[[ Records supplied open ]]

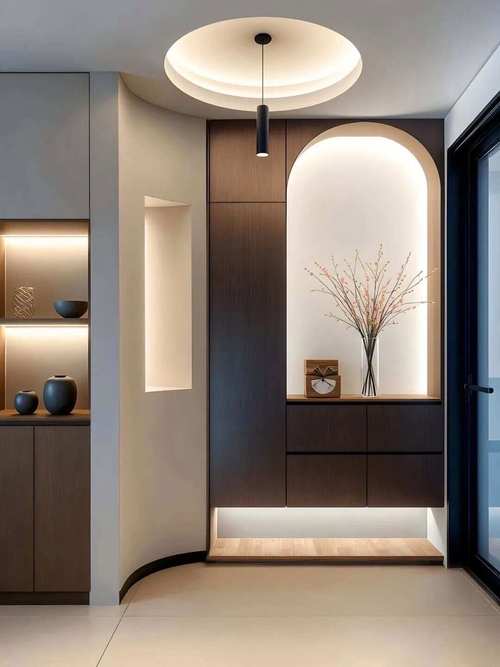 可以將鏡子嵌入玄關(guān)柜的設(shè)計(jì)中,這樣既方便使用,又不影響家居風(fēng)水。這種設(shè)計(jì)既能利用鏡子的反射作用,又能保持空間的整潔和美觀。
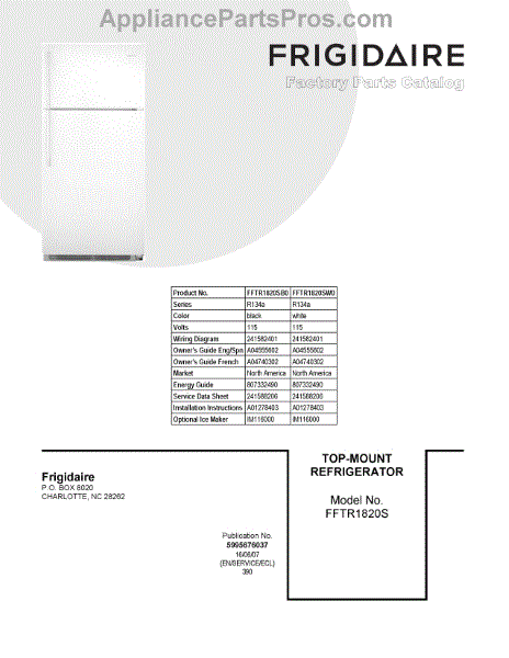 Parts for Frigidaire FFTR1820SB0: 01 - Cover Sheet Parts
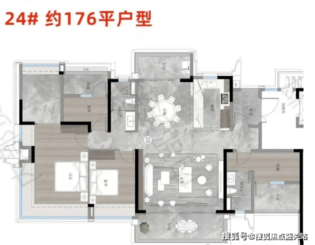 约176㎡西南向四房:独立电梯厅保障隐私,转角玄关设计避免视线直穿;公区集中布局,形成高效洄游动线;南北双阳台兼顾晾晒与观景;最多可打造三套独立卫浴空间,满足多代同堂或二胎家庭需求。
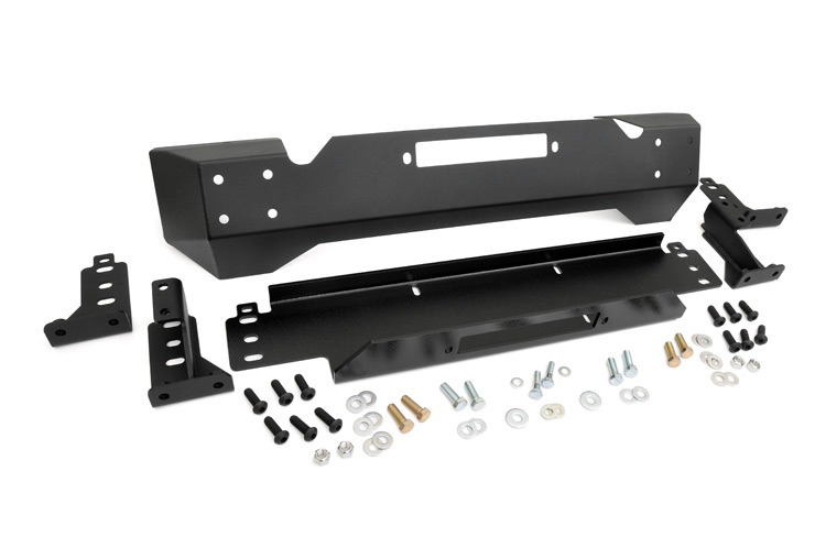 Winch bumper, winch plate, mounting brackets, and grade 8 hardware
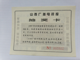 山西广播电视报1992抽奖卡
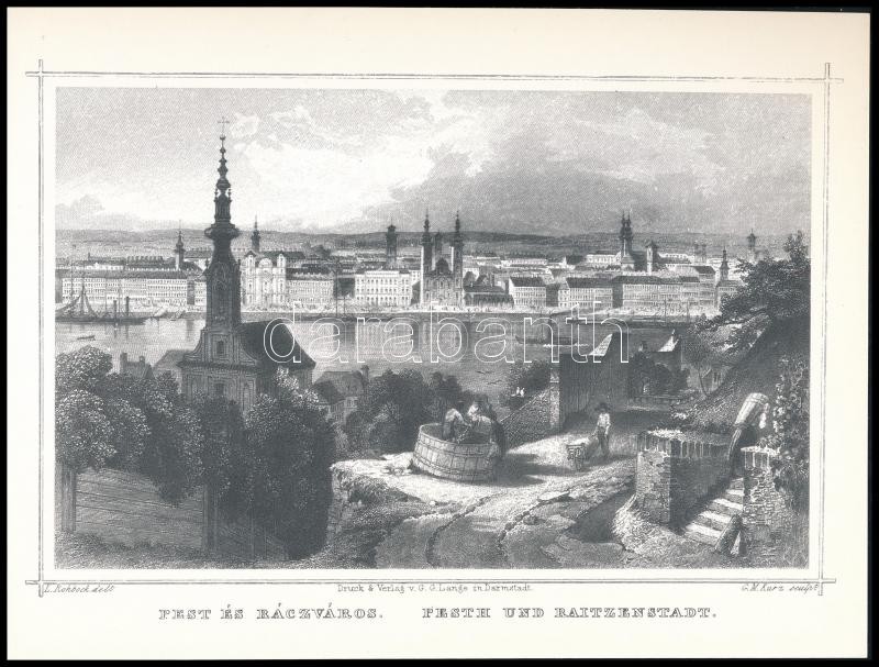Leírás: Buda és Pest 1856. L. Rohbock 16 metszete. Bp., Múzsák Közművelődési Kiadó. Kiadói papírmappában, javított gerinccel.

[[ Records supplied closed ]]

*Assignment:*
Above are records with pictures; repeat them exactly, but without the pictures.

*Answer to the problem:*
 可以將鏡子嵌入玄關(guān)柜的設(shè)計(jì)中,這樣既方便使用,又不影響家居風(fēng)水。這種設(shè)計(jì)既能利用鏡子的反射作用,又能保持空間的整潔和美觀。
 Parts for Frigidaire FFTR1820SB0: 01 - Cover Sheet Parts
 约176㎡西南向四房:独立电梯厅保障隐私,转角玄关设计避免视线直穿;公区集中布局,形成高效洄游动线;南北双阳台兼顾晾晒与观景;最多可打造三套独立卫浴空间,满足多代同堂或二胎家庭需求。
 Winch bumper, winch plate, mounting brackets, and grade 8 hardware
 山西广播电视报1992抽奖卡
Leírás: Buda és Pest 1856. L. Rohbock 16 metszete. Bp., Múzsák Közművelődési Kiadó. Kiadói papírmappában, javított gerinccel.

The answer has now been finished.